The uncertainty in the obliquity also adds to the errors in the comparison with Ptolemaios. At the end of his article, Halley⁴ expresses some doubt that the value for the obliquity at the time of Hipparchos to Ptolemaios was indeed 22′ larger than in his own time. This doubt is justified, as the correct difference in obliquity is 15′ and 13′ for the epochs of Hipparchos and Ptolemaios, respectively.¹⁹ The deviations in latitude due to the uncertainty in $ε$ are much smaller than the typical uncertainty $σ_{β}$ in the star catalogue of Ptolemaios. We return to this below.

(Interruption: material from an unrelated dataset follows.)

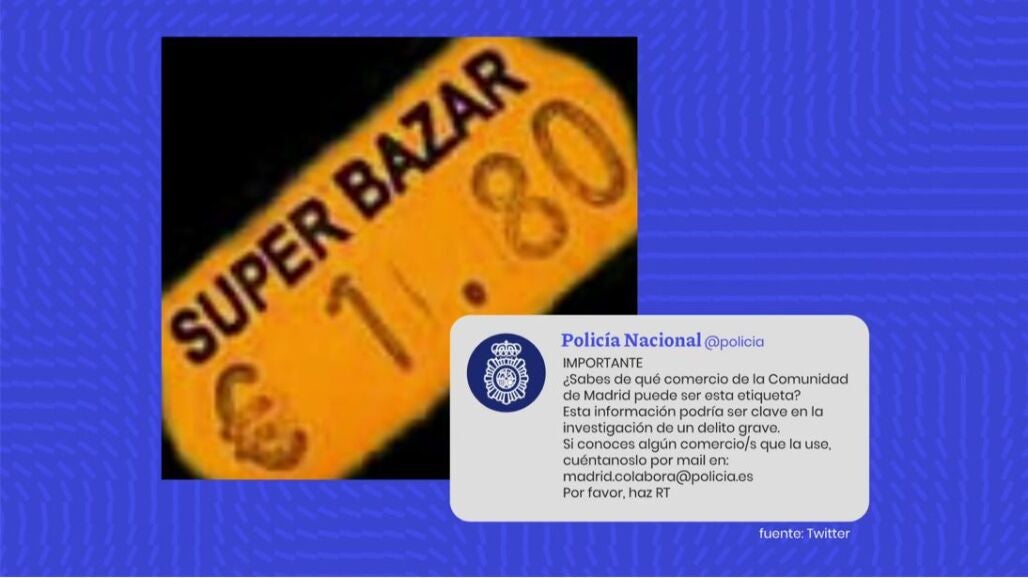 'Super Bazar'. Localizar un comercio concreto en la Comunidad de Madrid con ese nombre parece una labor imposible incluso para los agentes de la Jefatura Superior de Policía de Madrid. Sobre todo si la única pista es una etiqueta demasiado común, demasiado habitual, en el que tan sólo figura el precio, 1.80 euros, y un nombre de comercio muy genérico. Por eso, la Policía ha pedido colaboración ciudadana para localizar ese establecimiento, un dato que “podría ser clave en la investigación de un delito grave”, según detallan en la red social Twitter en la que han hecho esta petición de ayuda.

Latitude differences: modern

To see whether the data available to Halley imply proper motion when analysed with modern methods, we reanalyse them twice, first with the values for the obliquity used by Halley, and then with the correct values for the obliquity $ϵ$ . This enables us to gauge the effect of using wrong values for $ϵ$ . We convert the ecliptic coordinates $λ, β$ from the Historia Coelestis¹⁷ to equatorial coordinates, precess these with modern equations¹⁹ to the epoch of Ptolemaios or Brahe, convert the result into ecliptic coordinates $λ_{2}, β_{2}$ at the older epoch, and subtract the latitude in the older catalogue from $β_{2}$ . The equatorial coordinates computed from the ecliptic coordinates given by Flamsteed are identical within rounding errors to the equatorial coordinates in his catalogue, when the value for $ϵ = 23 ° 2 9^{'}$ is used; after precession and reconversion to ecliptic coordinates with $ϵ = 23 ° 5 1^{'}$ , the $Δ β$ listed as (b) in Table 2 may be computed. A modern equation for the obliquity¹⁹ gives $ϵ = 23 ° 2 8^{'} 46.5 ″$ for 1691 and $ϵ = 23 ° 4 2^{'} 39.6 ″$ for $- 128$ ; with these values we compute the $Δ β$ listed as (c) in Table 2. We also list as (d) the correct change in latitude, computed from the data from the HIPPARCOS Catalogue.¹⁶ The same calculation provides the deviation in latitude $d_{β}$ of the position given by Ptolemaios with the correct one. The values for $d_{β}$ in Table 1 are taken from Table 6 of Verbunt and van Gent¹³ with a change in sign, that is, $d_{β} > 0$ indicates that the position given by Ptolemaios is too far North. As an illustration we show in Figure 1 the differences $d_{β}$ for all stars in the Almagest, and also compare the positions in the Almagest of the stars near Aldebaran with the correct ones.

Figure 1.

Left: differences $d_{β}$ between correct and catalogued positions of stars in Ptolemaios. Stars from Table 1 are highlighted, P = Palilicium (Aldebaran). Right: Positions of stars near Aldebaran, no.14 in Taurus in the star catalogue of Ptolemaios (red), and correct positions computed from data of the HIPPARCOS satellite (black). Scale in degrees. The inset indicates the magnitude scale. Ptolemaios puts Aldebaran too far North.¹³

Table 2 shows that the values we compute with the obliquities given by Halley are close to the values he gives, but not identical. Halley indicates that his $Δ β$ for Betelgeuse is a very rough estimate. For the other stars the difference may arise from a variety of causes: he certainly used different precession equations, and possibly used slightly different star positions and obliquity both for his time and for Ptolemaios, a different epoch for Ptolemaios, and a different overall correction to the longitudes in Ptolemaios.¹³ The proximity of the values of $Δ β$ listed as (a) and (b) in Table 2 shows that our effort to replicate Halley is close to what he actually did.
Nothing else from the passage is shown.